Each utility negotiated separate 20-year power purchase agreements. After 10 years of operation and assuming the tax equity investors have achieved their target return, the utilities have the option of buying the wind farm at fair market value.
“This financing model can be replicated,” said Domansky. “But it would have to be done on a large scale given the transaction costs. It wouldn’t be efficient, for instance, for a PV project of less than 15 MW.” Interested utilities need to weigh the benefit of prepayment versus the cost of long-term debt, he said. And they need to take account of federal tax issues as well as any restrictions imposed by state laws on public-private transactions.
The prepaid PPA model also works for PV systems. Prepayment of a utility-scale PV project could pay 20 to 40 percent of the cost of the system, according to the National Renewable Energy Laboratory.
Standard PPA. California’s aggressive renewable energy standard—33 percent by 2020 (a legislative mandate commonly referred as a floor and not a ceiling)—is driving the development of various kinds of projects. A number involve PPAs, which allow the project developer to reduce costs through the federal investment tax credit and modified accelerated cost recovery.
“Riverside’s Public Utilities Board and City Council have a long history of supporting renewable energy, and back in 2003, Riverside was one of the first municipal utilities to adopt a Renewable Portfolio Standard,” said Reiko Kerr, the assistant general manager for resources. “We’re very selective about the projects we undertake. A lot of developers wouldn’t make it through our financial risk analysis.”
Riverside Public Utilities, for instance, has signed a 25-year agreement with SunEdison.
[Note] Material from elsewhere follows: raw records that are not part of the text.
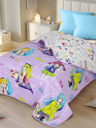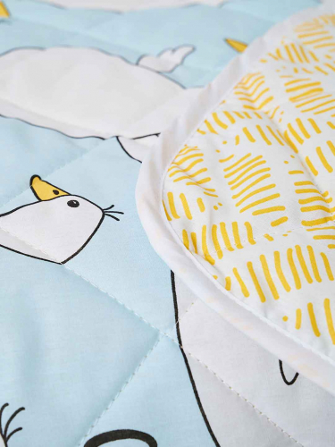 Представляем Вашему вниманию детское покрывало из поплина - материала давно полюбившегося людям за свои потребительские качества. Материал абсолютно натурален и изготавливается из 100% хлопка. Модель совершенно безопасна для здоровья и не вызывает аллергических реакций. Покрывало содержит наполнитель - синтепон, плотностью 80 гр./кв.м, обладающий отличной воздухопроницаемостью и теплоизоляционными свойствами, отлично держит форму и не "сбивается" даже спустя продолжительный период эксплуатации. Покрывало приятное на ощупь и обладает небольшой массой, что немаловажно для комфортного отдыха. Благодаря оригинальному дизайну отлично впишется в любой интерьер.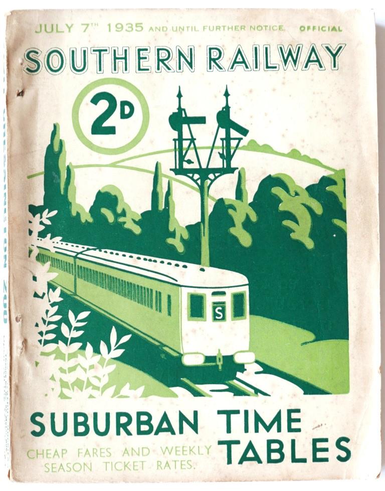687 | SR public timetable booklet for suburban services. Two tone green illustrated covers showing EMU and signals, 208pp, dated July 1935. | £65 |  |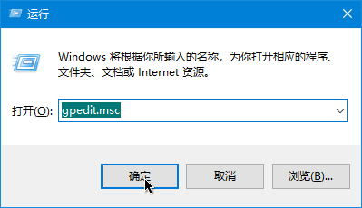 在打开的运行窗口中输入:gpedit.msc点击【确定】按钮或者直接按回车键。
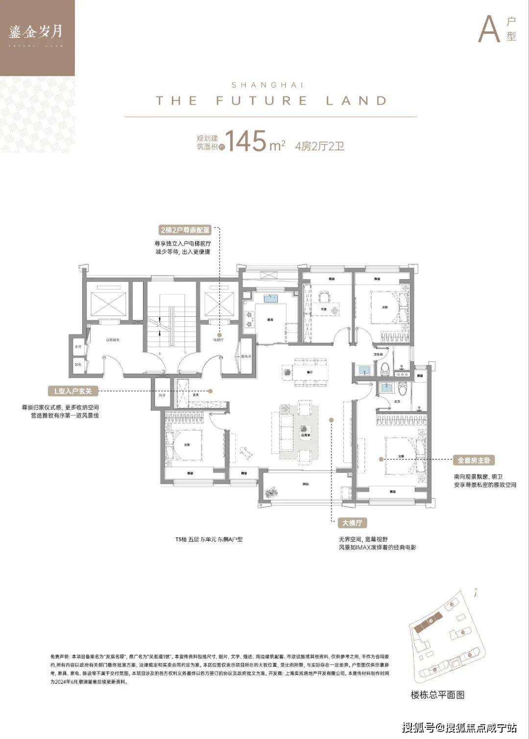 这是一个配置超大横厅+L型入户玄关的奢阔4房户型,同样搭配两梯两户+独立入户电梯厅的设计,不同的是横厅及各功能空间的尺度都进行了一定比例的升级。
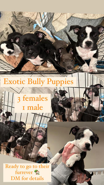 message ccexotic about this ad 3 females 1 male left Amazing micro bully puppies looking for their furrever homes! Dad is a nano mom is pocket. These puppies have beautiful structure and face. Puppies come with vaccinations and deworming. Potty training currently. Call or text for more info 6139177180 |

The 20-MW solar project, which will be located on land owned by the Metropolitan Water District in the city of Hemet, is expected to come on line in 2015. A power purchase agreement avoids project development and permitting risks, said Kerr. “And it gives us price and rate certainty, mitigating the impact on customers.” The levelized cost over 25 years is $95/MWh. “For a peaking resource, that’s good in California,” said Kerr.
In addition, the city is also pursuing utility scale solar projects within the city. Riverside itself has significant landholdings, and recently issued a request for proposal to develop a 5-MW solar project within the city, Kerr said. Those holdings would give the city site control for future projects, she said. “And the land would help us get a better price for a PPA.”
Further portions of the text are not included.